Exercise goal:
Exactly the lines from the one holding "Greater Swiss Mountain" through the last line of the listing below must appear in the answer, and no pictures.

= Beginning of Section =

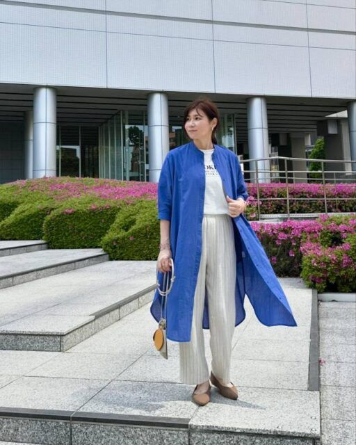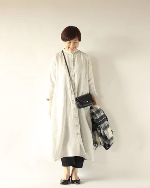 「ラクな服がいいけどカジュアルすぎるのはちょっと……」、その場合はゆったりめのシャツワンピースを選んでみて。リラクシーな着心地でもクリーンな雰囲気があるので、50代の旅行コーデにぴったりマッチします。ラグジュアリーなホテルや高級旅館でも気後れせずに過ごせますよ。
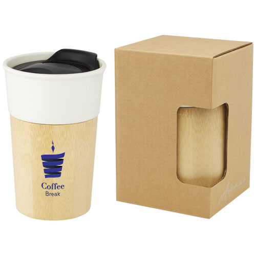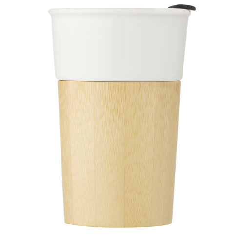 Elegante taza de porcelana con exterior de bambú orgánico que proporciona un aspecto natural y un agarre cómodo. La taza «Pereira» cuenta con una tapa deslizante de presión a prueba de fugas y no contiene BPA. Capacidad de 320 ml. Se recomienda lavarla a mano. Se presenta en una caja de regalo de cartón reciclado.
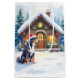 Greater Swiss Mountain Dog Snowy Cabin Santa Hat Medium Gift Bag
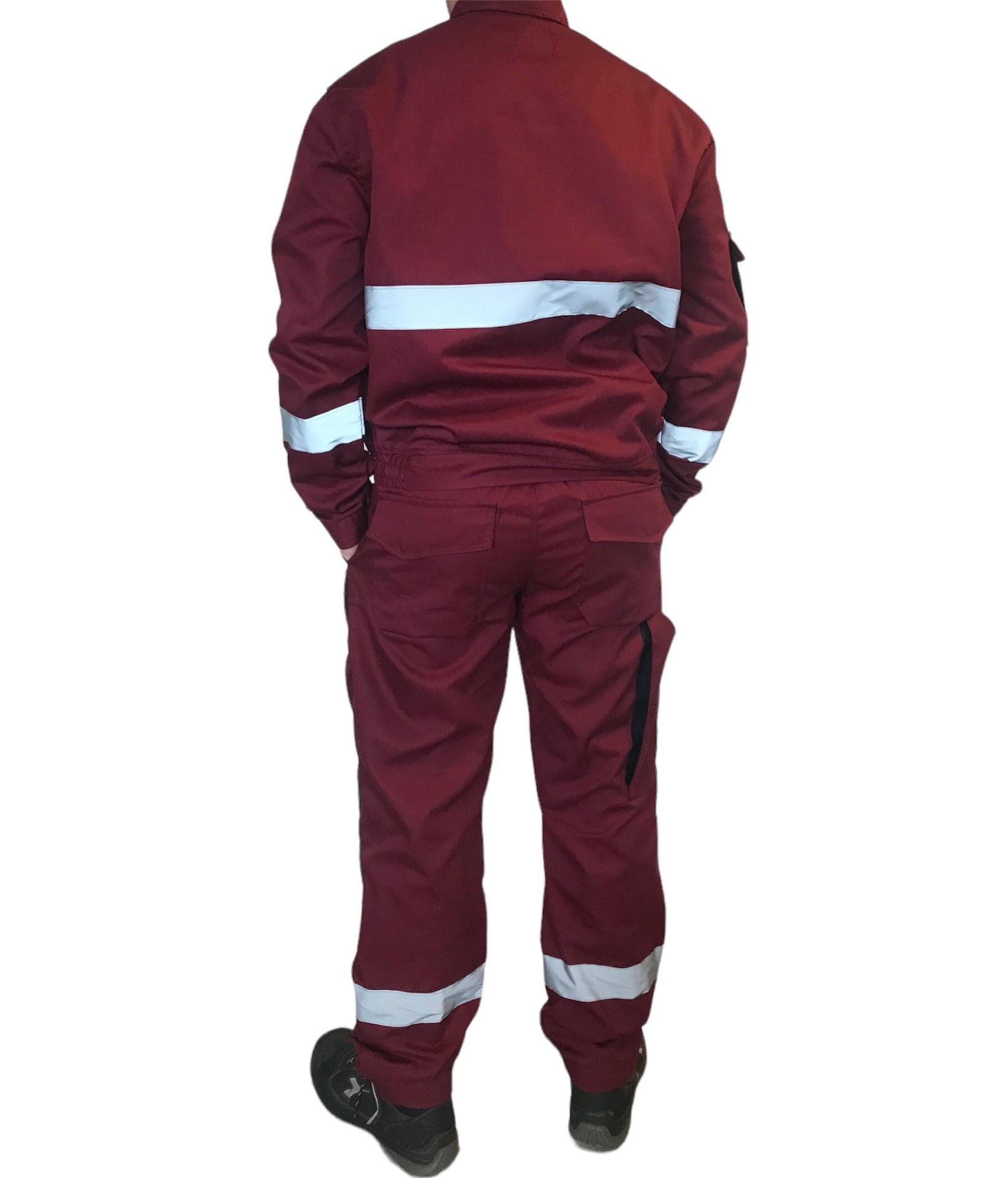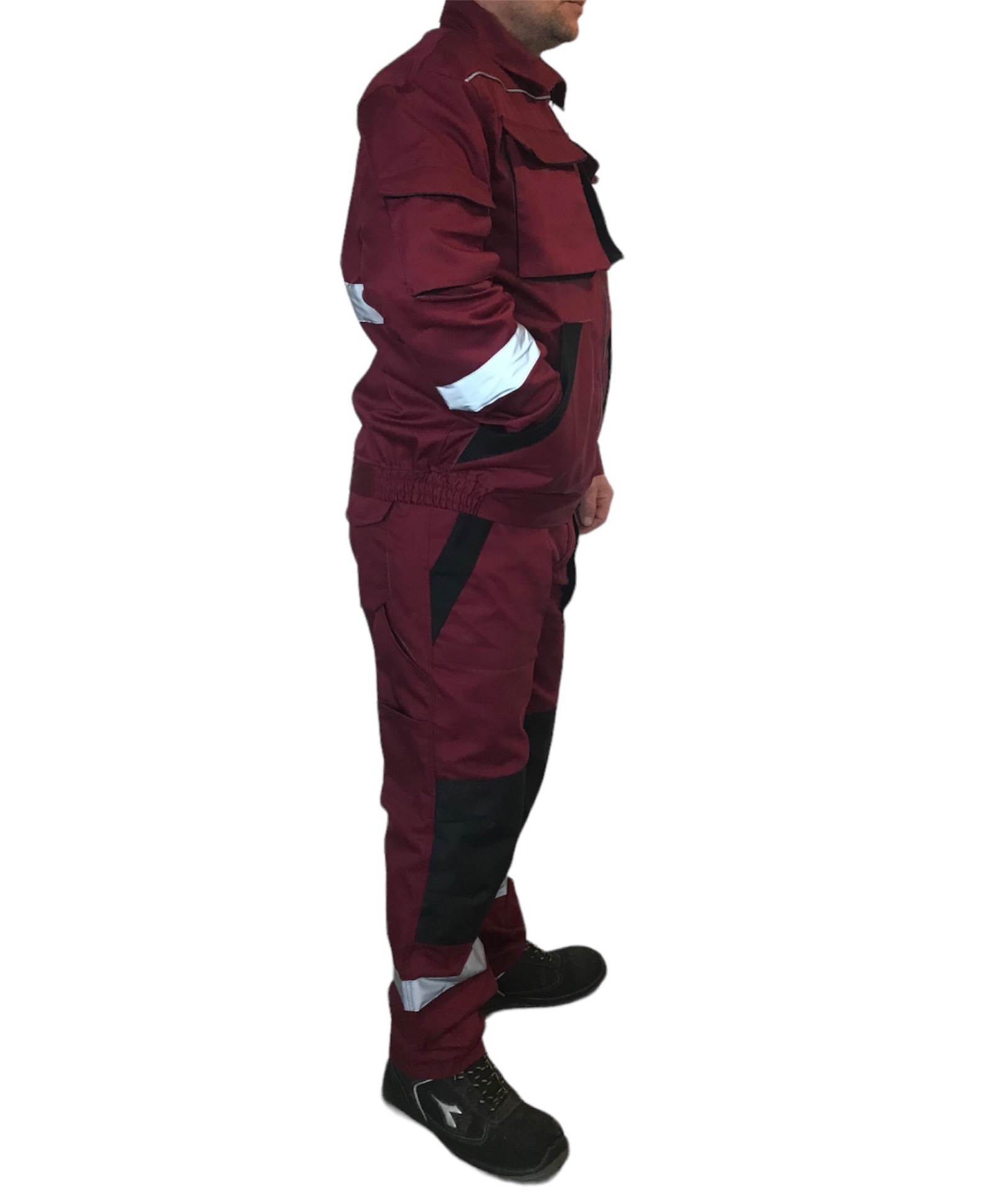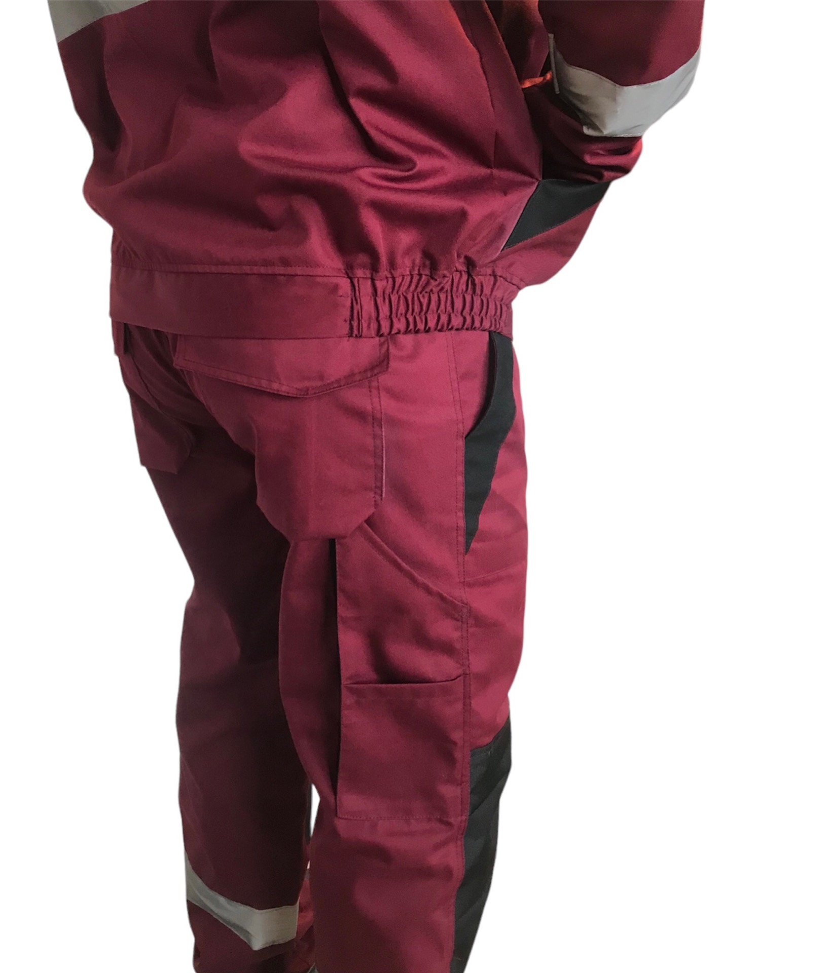 •Pantalonii dețin buzunare spațioase și clapete ( pentru o bună protecție a materialelor de lucru). In partea de jos, de jur împrejur este atașată banda reflectorizantă.
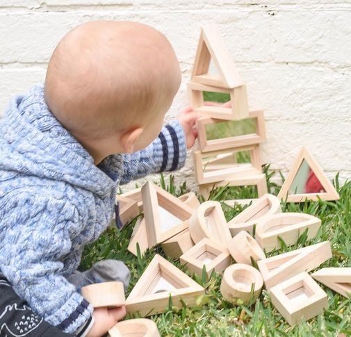 Unlike traditional magnifying glasses, this wooden block set is safe and sturdy for all your preschoolers’ fun outdoor activities.
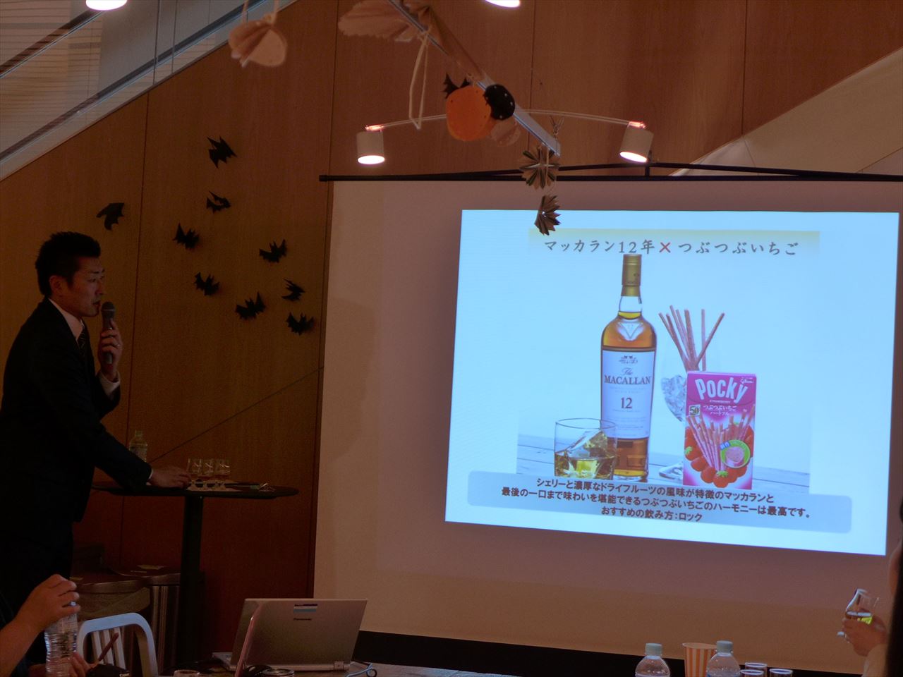 この方が、ウイスキー基礎知識から始まり、ポッキーとウイスキーをどう合わせたら両社の味わいをさらに楽しめるのか、熱く語ってくれた。

= End of Section =

Answer space:
 Greater Swiss Mountain Dog Snowy Cabin Santa Hat Medium Gift Bag
 •Pantalonii dețin buzunare spațioase și clapete ( pentru o bună protecție a materialelor de lucru). In partea de jos, de jur împrejur este atașată banda reflectorizantă.
 Unlike traditional magnifying glasses, this wooden block set is safe and sturdy for all your preschoolers’ fun outdoor activities.
 この方が、ウイスキー基礎知識から始まり、ポッキーとウイスキーをどう合わせたら両社の味わいをさらに楽しめるのか、熱く語ってくれた。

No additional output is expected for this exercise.